What Christians Owe Jews

Since its inception, Christianity has been beset by a troubling and fundamental question: Can the faith exist without some animus against the Jews? While the long and unseemly history of Christian anti-Semitism might suggest a grim answer, I take a hopeful view. In fact, I would argue that Christianity enters into profound self-contradiction whenever it is anti-Judaic; indeed, that when Christianity does not love the Jews, it corrupts its love of Jesus Christ at the very core. In this view, loving Christ is inseparable from loving the Jews—and where the Jews are not loved, Christ himself is dishonored. What I would like to advocate is a form of philo-Semitism or Judaeophilia rooted in Christ.
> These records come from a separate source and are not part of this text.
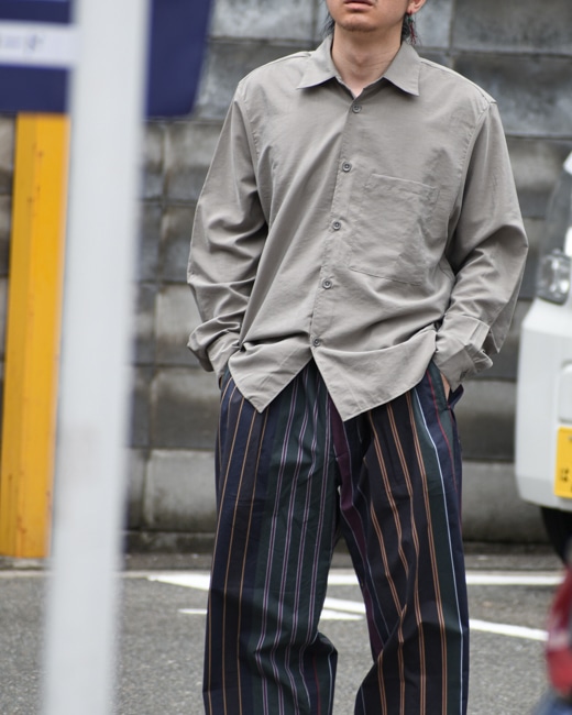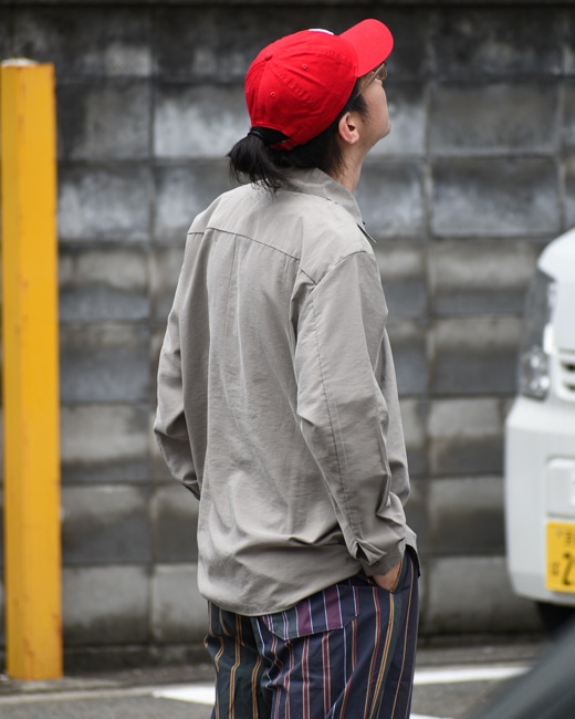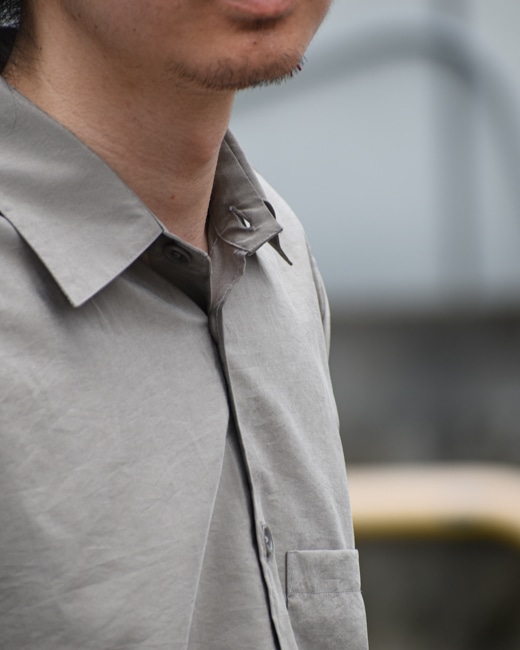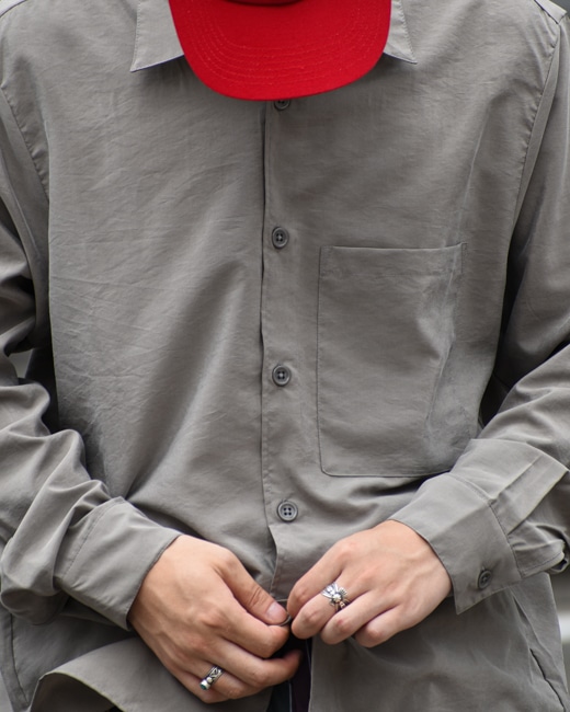 ゆとりのあるボックスシルエットにアーミーボタンを使用しワークシャツのようなルックスに仕上げております。
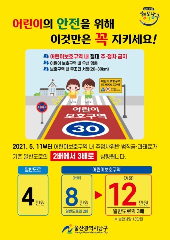 - 주정차 금지 구역 확대 및 위반 시 과태료 상향 : 스쿨존 내 주정차 금지 구역이 확대되며, 위반시 과태료가 기존 8만원에서 12만원으로 상향됩니다.
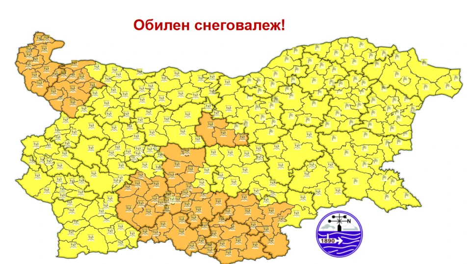 През следващото денонощие ще има повсеместни валежи. Тази нощ дъждът в северозападната част от страната, в Предбалкана и по високите полета на Западна България ще преминава в сняг. По планинските проходи на Стара планина ще има навявания и виелици.
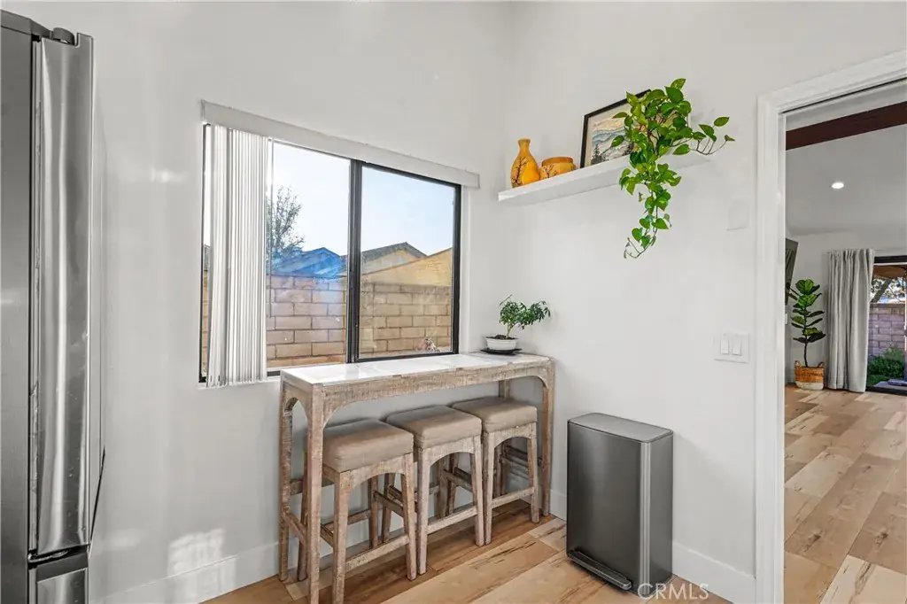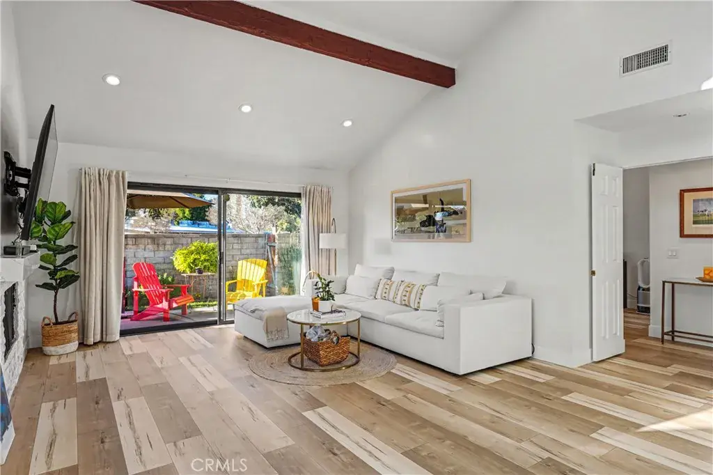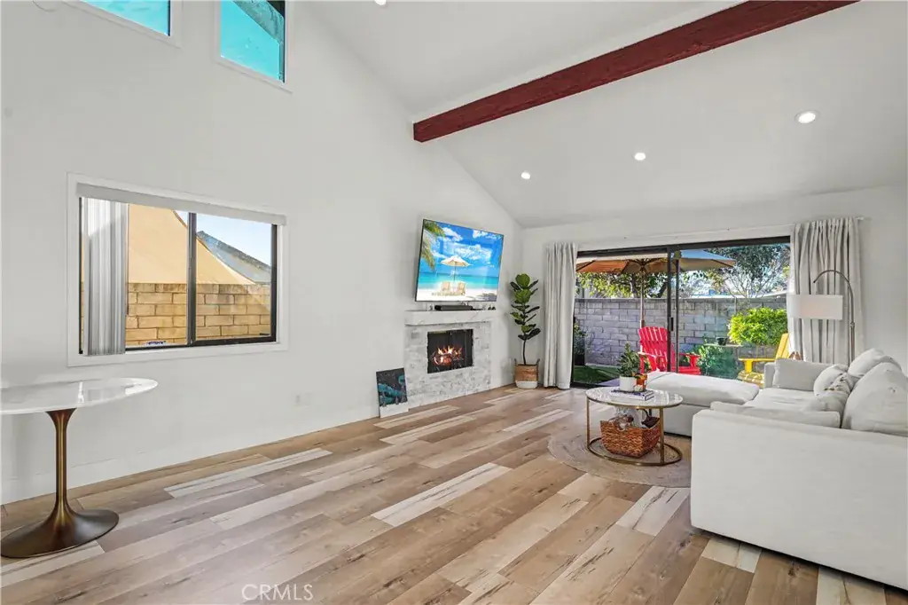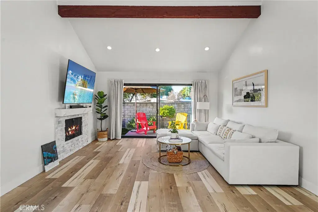 Upon entering, you’re greeted by a spacious open floor plan that seamlessly connects the dining and living areas. The vaulted ceilings and abundant natural light create an airy, inviting atmosphere. The living room features a cozy brick-accented fireplace and a full wall-sized sliding glass door that opens to a beautifully maintained backyard. The modern kitchen is a standout, featuring white cabinetry, gleaming quartz countertop, the matching backsplash, a farmhouse sink accented by elegant gold-tone fixtures, and stainless-steel appliances—including a newer range, microwave, dishwasher, and newer refrigerator.

Anyone proposing such an idea faces a problem—namely, that this same christocentrism requires a form of supersessionism, which traditionally held that in refusing to accept Jesus as the Messiah and the fulfillment of biblical prophecy, Jews have forfeited their covenantal status as the chosen people of God. (See “Getting Past Supersessionism,” Steven Englund, et al., February 21, 2014.) An almost universal conviction in contemporary theology holds that supersessionism is an inevitable cause of anti-Judaism and its repellent cousin anti-Semitism, and thus that any form of supersessionism is unacceptable. And yet in my opinion the inner logic of the Christian faith necessitates supersessionism in some form. The form I will advocate is the one that David Novak, in his 2004 essay “The Covenant in Rabbinic Thought,” called “soft supersessionism.”